— EXERCISE BRIEF —
Without the pictures, set down every line of the data exactly.
SUPPLIED INFORMATION Start Marker
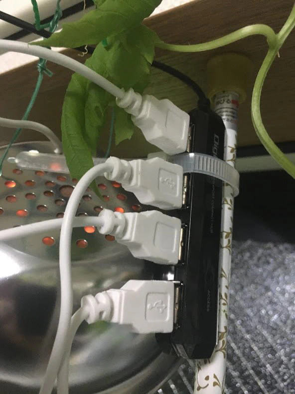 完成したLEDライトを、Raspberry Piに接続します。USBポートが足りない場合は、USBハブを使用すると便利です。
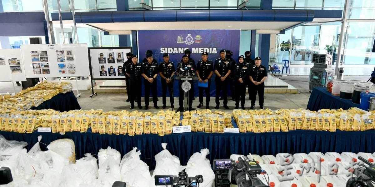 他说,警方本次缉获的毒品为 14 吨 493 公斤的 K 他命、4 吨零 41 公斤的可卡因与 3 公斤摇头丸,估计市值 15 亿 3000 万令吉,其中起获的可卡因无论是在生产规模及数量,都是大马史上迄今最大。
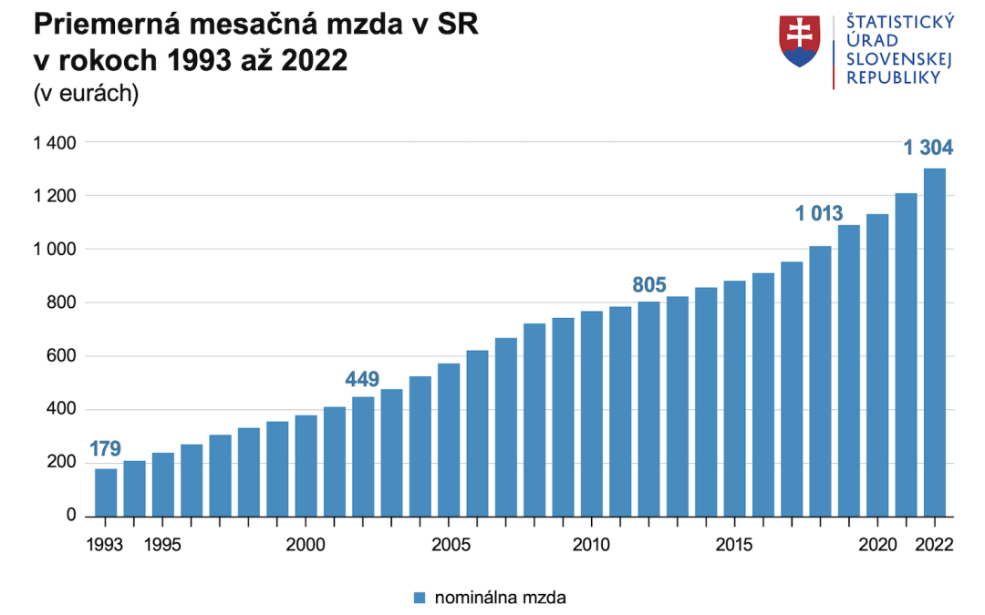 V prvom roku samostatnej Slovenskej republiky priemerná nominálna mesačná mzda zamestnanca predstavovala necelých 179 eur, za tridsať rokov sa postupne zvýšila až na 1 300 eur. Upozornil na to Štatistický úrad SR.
SUPPLIED INFORMATION End Marker
— YOUR RESPONSE —
 完成したLEDライトを、Raspberry Piに接続します。USBポートが足りない場合は、USBハブを使用すると便利です。
 他说,警方本次缉获的毒品为 14 吨 493 公斤的 K 他命、4 吨零 41 公斤的可卡因与 3 公斤摇头丸,估计市值 15 亿 3000 万令吉,其中起获的可卡因无论是在生产规模及数量,都是大马史上迄今最大。
 V prvom roku samostatnej Slovenskej republiky priemerná nominálna mesačná mzda zamestnanca predstavovala necelých 179 eur, za tridsať rokov sa postupne zvýšila až na 1 300 eur. Upozornil na to Štatistický úrad SR.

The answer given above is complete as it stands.